The first sign of microplastics in humans was when they found them in the placenta of a pregnant woman in Italy.  

This shows that every living thing on earth is affected by plastic in some way. Even if plastics are incinerated, it can lead to air pollution if the fumes are not captured properly. 

So, what’s the solution? 

There are many solutions and ideas out there to help to reduce plastic pollution on our planet that have been brought in by the Irish Government, Companies and Universities.  

Circular Economy Bill and Daily Habits 

On March 31st this year, the Irish Government approved a Bill called the Circular Economy Bill 2022. This bill was introduced to stop the pattern of our current linear economic model of “take, make, dispose” where we take raw materials from the earth, use these to make products to sell and, once these products have reached the end of their useful life, dispose of them. Rather the idea is to create a Circular Economy where we make better use resources, close loops of resource flows by recovering as much as possible and prevent waste and pollution through better design. The emphasis is placed on shifting the way we extract, make, use and repurpose the material in our products to ensure emissions are reduced and resources are efficiently used and kept in circulation as long as possible. For example, in Ireland, the price of take-away coffees will increase if the customers do not bring their own reusable cups. By bringing in these extra charges they are hoping it will persuade people to stop using single-use resources. The bill will also help prevent illegal dumping in Ireland by empowering local authorities around the country to use GDPR- compliant Technologies such as CCTV cameras to help enforce action.   

Graphic by the Ellen MacArthur Foundation 

Innovative Solutions by companies in Ireland  

Companies such as AYU Makeup have tried to stop the use of plastic in their packaging such as shredding their unwanted cardboard to use instead of bubble wrap to help stop the products breaking while being delivered. 

Compostable Bio-plastics made of renewable resources and are a low environmental impact solution solving a specific environmental problem in various sectors, such as agriculture, foodservice, and packaging. SAMCO, a company operating in the agricultural sector, are changing the way they do things to help the environment. They offer two types of biodegradable film for the tillage sector, ingredients made from Oxo-Biodegradable resin and ingredients from Compostable Bio-plastics. Oxo-Biodegradable: a masterbatch which turns ordinary plastic at the end of its useful life, in the presence of oxygen, into a material with a different molecular structure. At the end of the process, it is no longer a plastic, and instead has changed to a material which is biodegradable in the open environment.  

WAZP, a 3D printing company, have a zero-waste approach to how they manufacture their products for clients. In Additive Manufacturing, the material that is not used during each print is traditionally disposed of.  This had a negative impact on resource and waste management. Since 2015, WAZP has implemented a process for re-using this previously ‘waste’ material in the new production runs which directly resulted in a reduction is waste, better utilization of resources, and a more sustainable product for their clients. 

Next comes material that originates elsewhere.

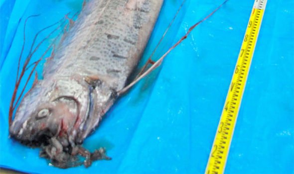Cụ thể, theo Express, hai con cá biển sâu dài 3-4m, đã mắc vào lưới của ngư dân. Hai con cá trên nếu trưởng thành có thể dài tới 11m. Trong truyền thuyết Nhật Bản, đây là điềm báo về ngày tận thế, sự diệt vọng. Cụ thể, theo truyền thuyết của người Nhật, một khi loài cá sống ở dưới đáy biển sâu dạt vào bờ hoặc nổi lên trên mặt nước thì khi đó một thảm họa tự nhiên đang đến gần.

There is wave of new courses and educational activity taking place across the country. By teaching the new generation about plastic, its negative impact and the solutions, and by making it engaging through real-life examples we empower students to share knowledge with their communities about this significant problem the world is facing.  For example, at Munster Technological University, we offer the Circular Economy Certificate. This Certificate in Circular Economy provides participants with state-of-the-art knowledge on the Circular Economy model versus traditional linear business/economic models, outlining how the Circular Economic model can achieve the sustainability goals of a business. 

Guest Writer: Shauna Flynn, Marketing Intern at Circular Bioeconomy Cluster, South-West.